El padre de Kporoye; El Ajero de Ijero, también ofrecía un sacrificio humano en sus fiestas anuales. El había ordenado que un esclavo fuera sacrificado y mando un mensajero que compro a Kporoye para le sacrificio, de aquel año. Cuando fue traída se le ordeno que limpiara la casa en preparación a las fiestas. El Oba había olvidado que alguna vez había tenido una hija llamada Kporoye. Mientras limpiaba el piso, ella empezó a cantar, como su hijo la historia de su vida. La mujer que la cuidaba llamo al Ova para que escuchara el canto. Después de escucharlo el Ova llamo a la madre de ella para que la identificara. Cuando ambas se vieron se abrazaron y comenzaron a llorar.

Regocijada la madre por la reaparición de la hija que ya creía muerta desde hacia mucho. Kporoye fue liberada de inmediato y vestida como su rango le mandaba. El Ajero proclamo también la abolición de los sacrificios humanos en su reino. Ella le dijo a sus padres que sus problemas principales eran encontrar a su hijo y al padre de este. En aquel momento Ejiede partía de Okemesi en busca de Kporoye. Al llegar a Ijero. El se vistió con harapos para evitar ser reconocido y espero al lado del camino al Río. En su ruta hacia este Kporoye vio a Ejiede y lo reconoció a pesar del estrafalario ropaje que traía. Otro día el se disfrazo de vendedor de leña y Kporoye también lo reconoció, pero como en la vez anterior, no dijo nada.

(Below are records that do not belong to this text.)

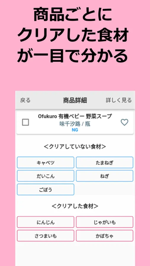 そのためNGと表示されたベビーフードについても、どの食材をクリアしていないかがひと目でわかるようになっています。
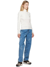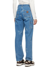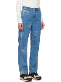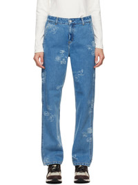 Loose-fit tapered heavyweight and stonewashed non-stretch organic cotton jeans. Graphics printed throughout. · Mid-rise · Belt loops · Four-pocket styling · Zip-fly · Patch pockets at outseam · Hammer loop and patch pocket at outseam · Leather logo patch at back pocket · Contrast stitching in beige Supplier color: Blue rinsed Body: 100% organic cotton. Lining: 65% polyester, 35% cotton. Made in Tunisia 242111F069013
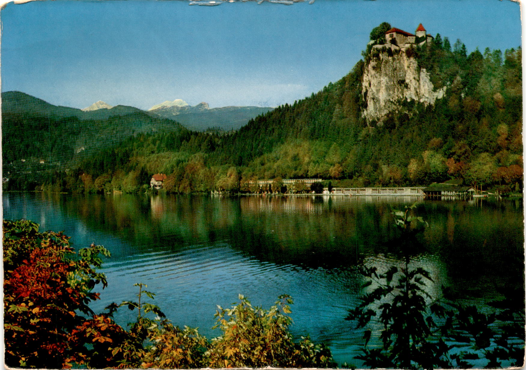 The postcard describes a visit to Bled, Yugoslavia, where the writer had dinner at the castle pictured on the postcard. They enjoyed a Chateaubriand for two and half a liter of wine for about $4.00. Bled is known for hosting the World Rowing Championship. The writer plans to visit Dubrovnik and Athens next. The postcard provides insight into the social and cultural activities of the writer, showcasing their interest in exploring new places and trying local cuisine. The postcard also highlights the beauty and historical significance of Bled, making it a valuable destination for travelers and postcard collectors alike.
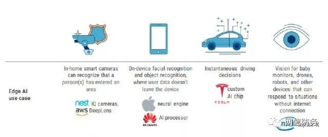 边缘AI对消费者电子、电信、医疗影像等主流行业均有应用意义。比方说监控摄像头的人脸识别、华为、苹果等智能手机的人脸与对象识别、Tesla AI芯片的即时驾驶决策、婴儿监视器、无人机、机器人视觉能力(无互联网连接)等。
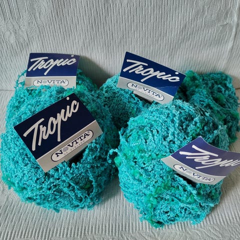Viimeisessä kuvassa näkyy myynnissä olevat samat kirkkaan turkoosit Tropic langat (kaikki samaa erää). Kaikki viimeisen kuvan kerät yhteensä 6 euroa. Kuvassa turkoosi näyttää kellertävälle. Se on oikeasti raikkaan turkoosi.
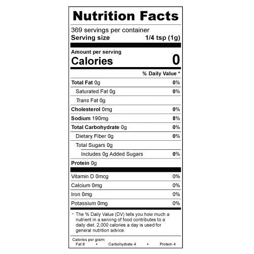 - Ingredients: Sea salt, garlic, black pepper, turbinado sugar, onion, sugar, lemon juice powder, lemon oil and spices.
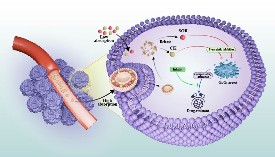 肝细胞癌是全球第六大常见肿瘤,也是癌症相关死亡的第三大原因。索拉非尼作为美国食品药品监督管理局批准的肝癌治疗药物,通过抑制Raf/MAPK/ERK信号通路发挥抗肿瘤作用,但其治疗常伴随PI3K/Akt通路的补偿性激活,导致肿瘤细胞产生获得性耐药。人参皂苷CK作为人参的关键活性成分,具有抗肿瘤、抗炎及免疫调节等多种生物活性,能够抑制PI3K/Akt等多条信号通路,但因其溶解性差、生物利用度低,难以在体内达到有效药物浓度。能够实现两种药物共递送协同治疗肝癌成为迫切需求。
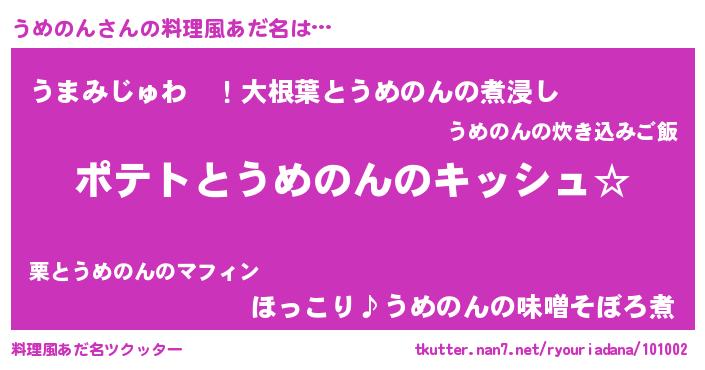 | 男性向けラノベタイトル風あだ名 | 『うめのんの嫁は女の子じゃないと思った?』 |
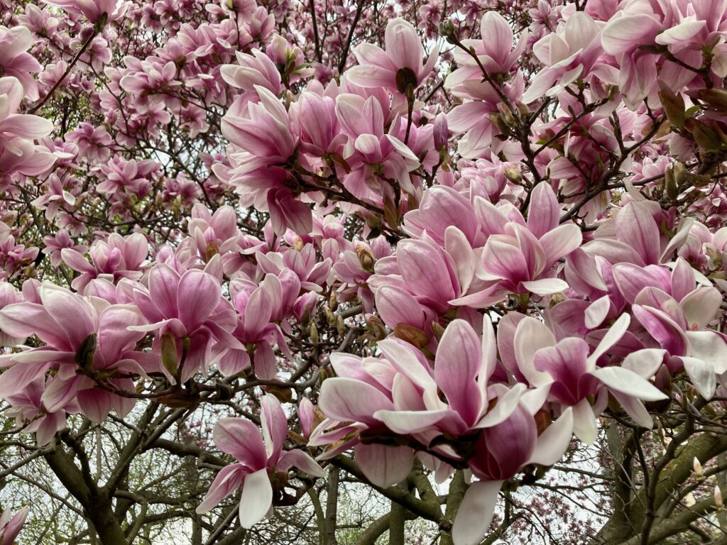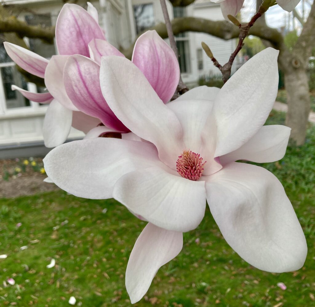 In the afternoon, as the clouds were gathering, we went to see the magnolia trees blooming at Eldon House. The heat had brought the trees into bloom, but we were worried the coming rain would make short work of them. The good news is that the rain and cooler weather did not damage the blossoms. There are magnificent magnolias blooming throughout the city.
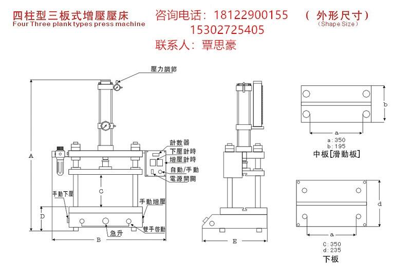 供应1T 2T 3T 5T 10T气动增压机,四柱两板气动增压机产品描述:
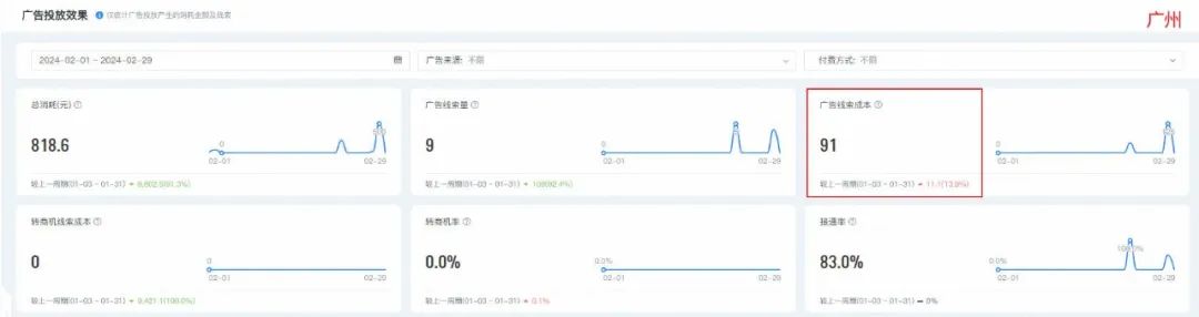 广州的线索成本91元,推广综合类,年龄定向为24岁+。
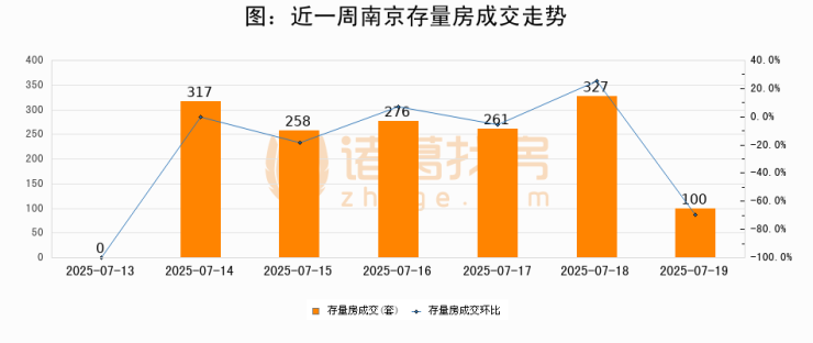 从存量房来看,2025年07月19日南京存量房单日成交100套,比昨日减少227套,环比下降69.4%。从近一周存量房成交来看,南京存量房日均成交套数为219套,07月19日单日成交100套,低于近一周平均水平54.3%。
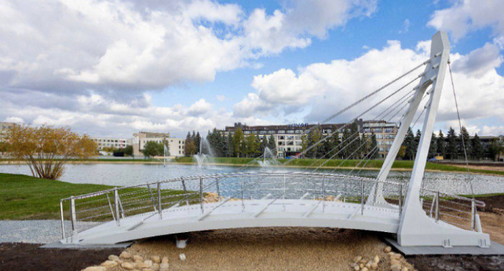 На месте технического пруда появилась прогулочная зона, а реконструированный искусственный водоем теперь украшают фонтаны. Прилегающая территория очищена от поросли, береговая линия укреплена, уложена газонная трава, обустроены пешеходные дорожки. Украшением набережной стал настоящий вантовый мост в миниатюре.
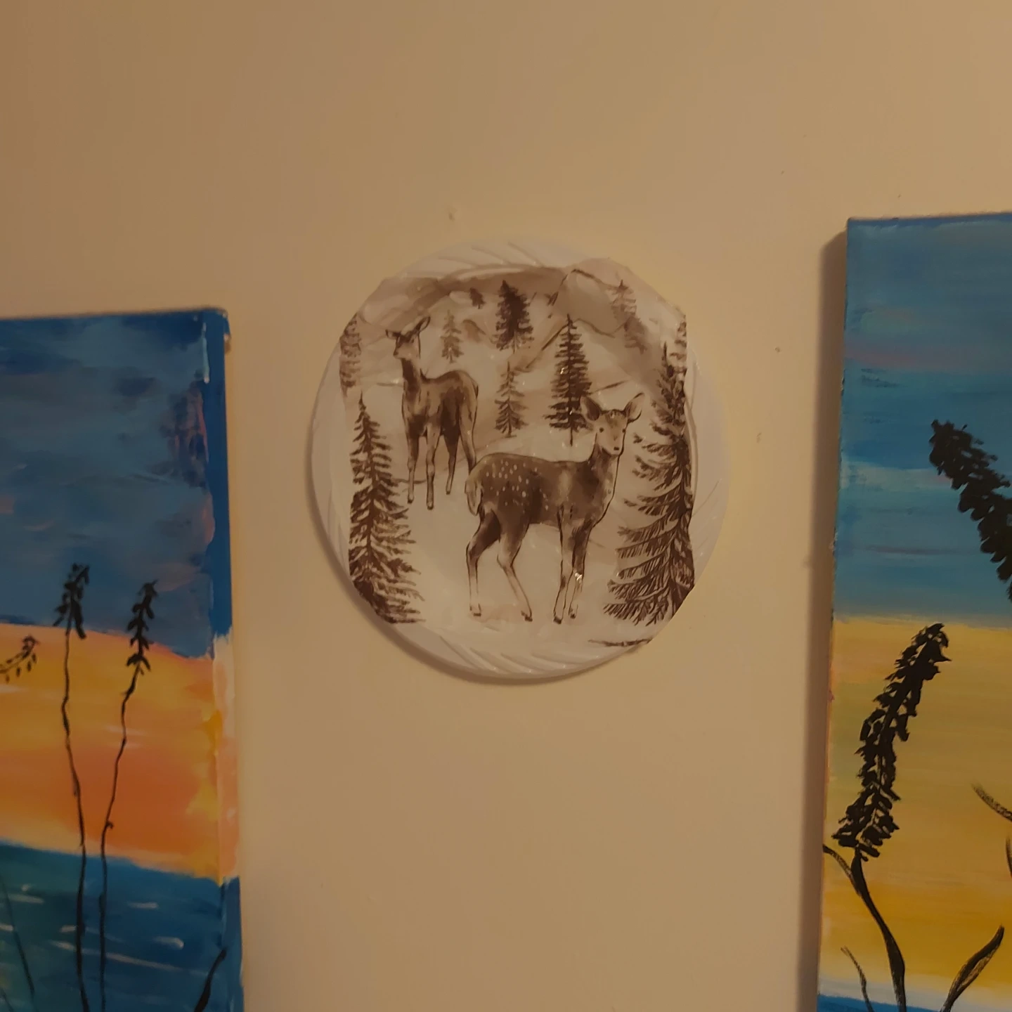 A decorative plate featuring a charming winter scene with deer and pine trees. It has a unique watercolor-style print. This plate is great for adding a rustic touch to your home decor! You can also hang it up too. Or you can serve a light snack over it on a clear plate.
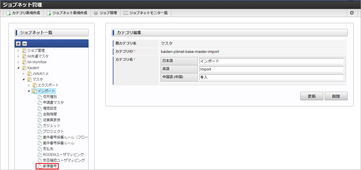 ジョブID ジョブ名(ジョブ選択時のツリー) kaiden-job-master-import-zipcode Kaiden! / マスタ / インポート / 郵便番号 編集後、「更新」をクリックします。 確認ポップアップの「決定」をクリックします。 ジョブネットが設定されました。
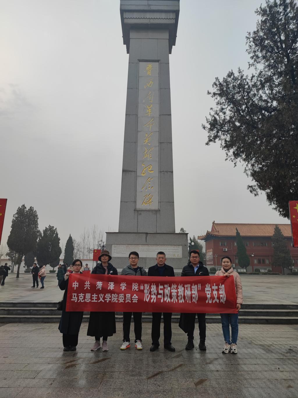 来到鲁西南烈士陵园,党员们听取了烈士陵园情况介绍,向革命先烈敬献花篮,向抗日烈士纪念碑行礼鞠躬、重温入党誓词,过政治生日的党员代表进行了发言。
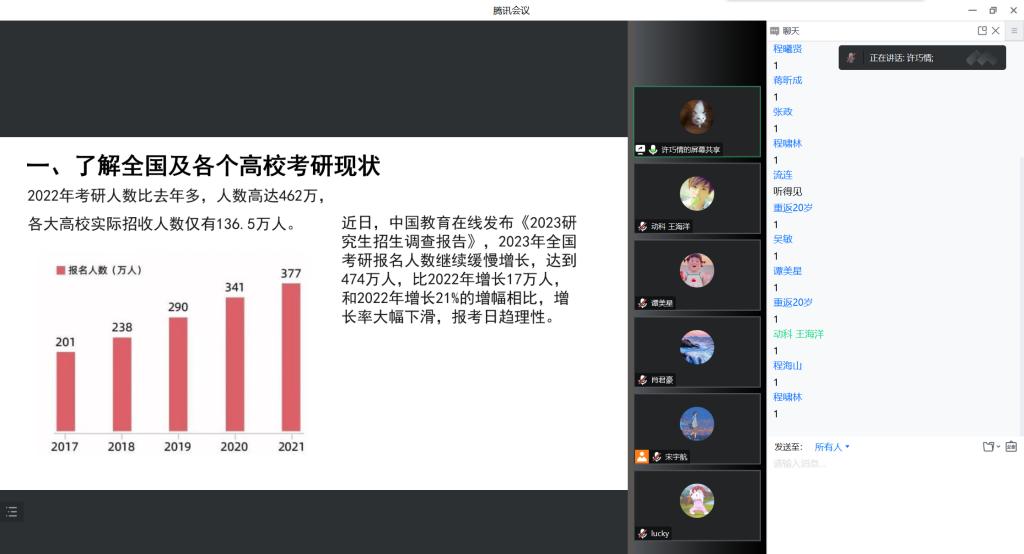 针对考试复试过程中老师问什么?学生怎样有技巧性回答?如何联系心仪导师?…许巧情从当前学生考研报考现状、了解自身优势及报考学校要求、认准目标坚持不懈这三方面进行了详细的讲解,并就学生关心的问题进行线上解答。
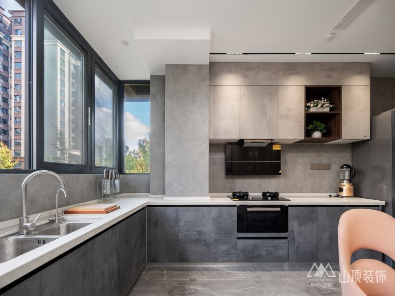 餐厨一体化,采用L型厨房设计,冷暖色调中和,不同材质交叉碰撞,融合光与影的双重烘托与点缀,让整个空间简洁舒适,静谧优雅。
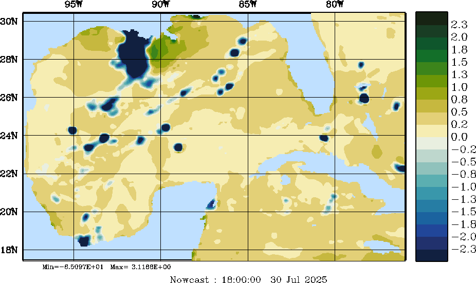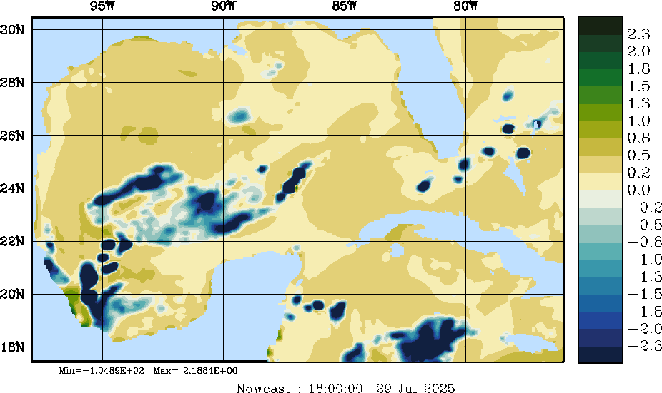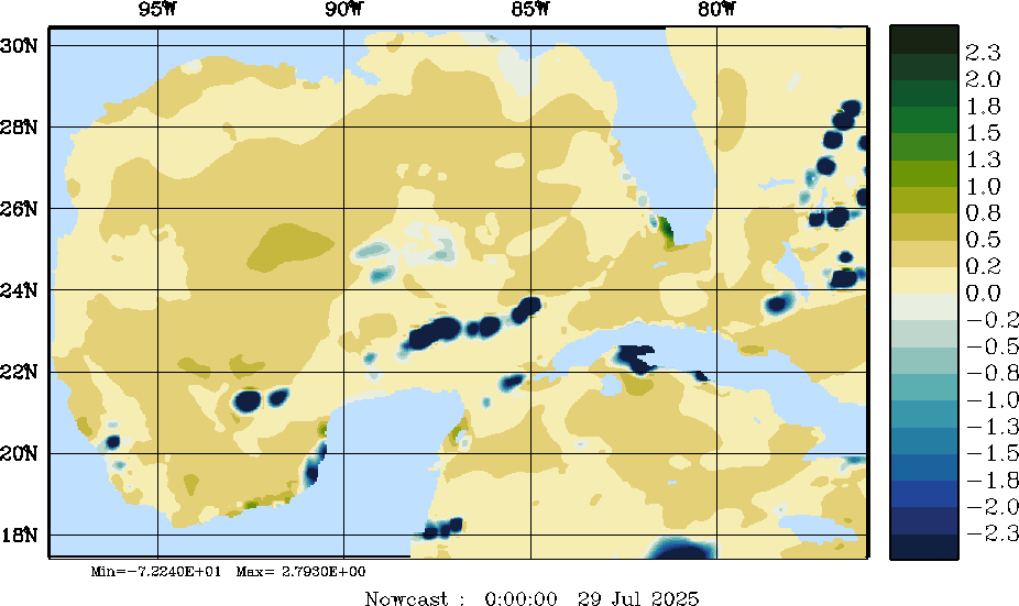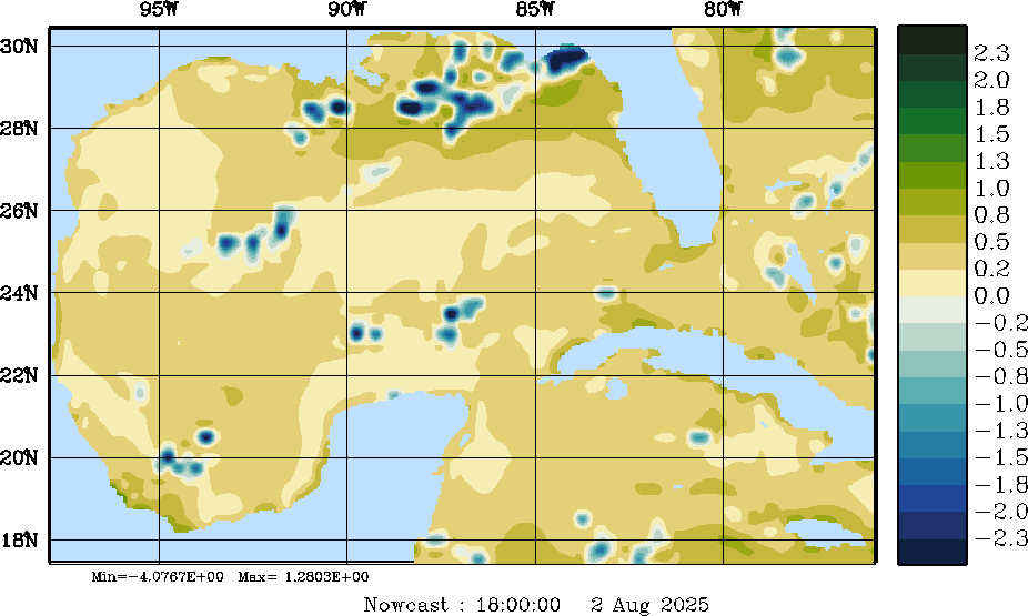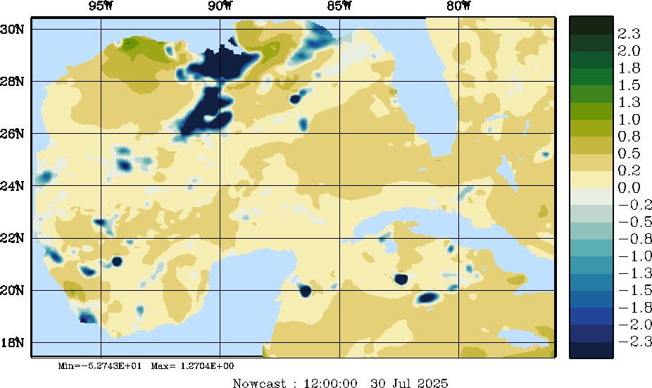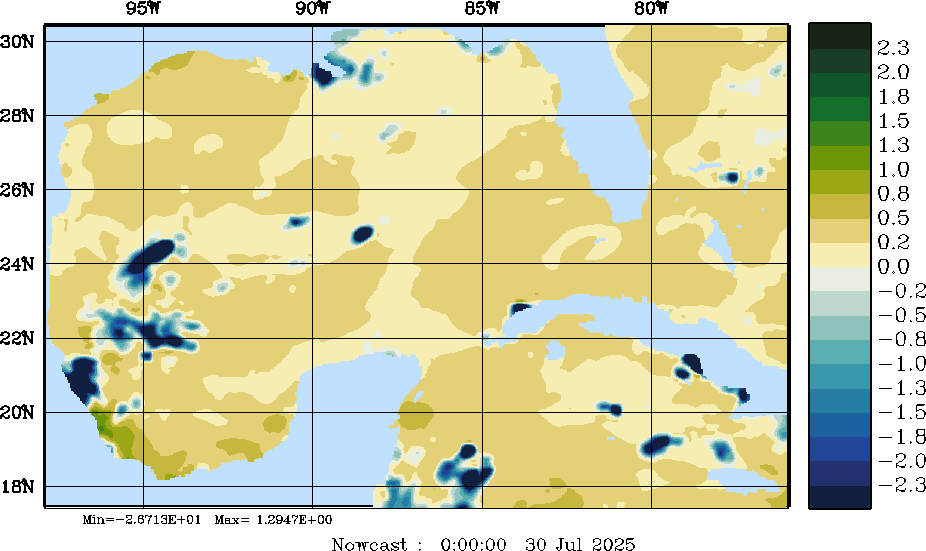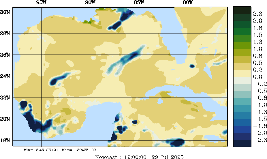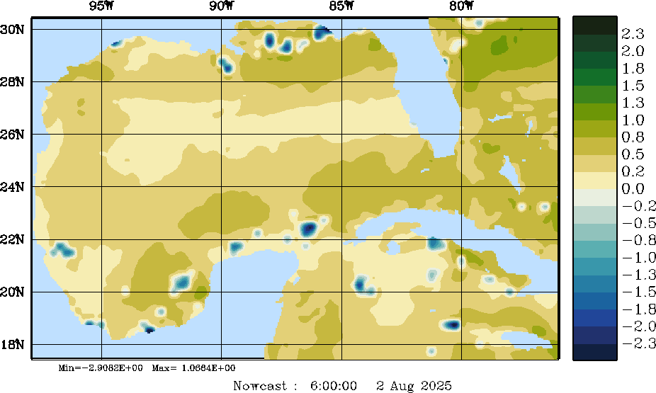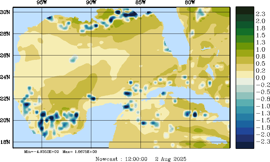 E - P Snapshots (cm/day); processed by MSEAS from merged NCEP fields |
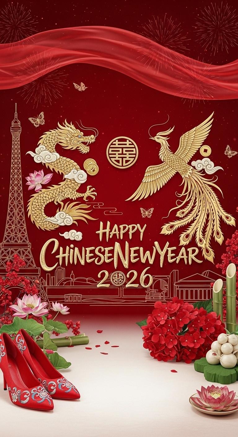 A First-Person Romantic Paris Chinese New Year Wedding Portrait Backdrop for 2026 Couples

Después Ejiede se interno en el bosque, preparo hojas de palmas y se disfrazo con ellas, y comenzó a bailar en dirección a Ijero. Cuando el Ajero. y su familia vieron como este se acercaba. Kporoye les dijo es Orumila, pero estos discreparon pues Ifa no tenia el habito de enmascararse. Luego de mirarlo desde la casa Kporoye salió al jardín a observar el enmascarado, que se le acerco danzando y al llegar a su lado la agarro y escapó con ella. Tan pronto estuvieron fuera de la vista de palacio. Ejiede se despojo de su mascara y se identifico con Kporoye y le rogó a esta que marchara con el. Ella acepto y a fin de evitar el riesgo de ser atacados en el camino, el vistió a Kporoye con la mascara y la siguió como escolta.

Cuando llegaron a su casa en Okemesi. Ejielemere le quito la mascara y Kporoye abrazo a su hijo Olomo, que luego salió a jugar con los otros niños. Transcurrieron algunos días antes de que la gente del pueblos se diera cuenta de que Ejiede había tomado una segunda esposa. Kporoye se estableció con el y tuvieron otros 5 hijos. Una vez la familia estuvo unida la vida se volvió prospera para ellos.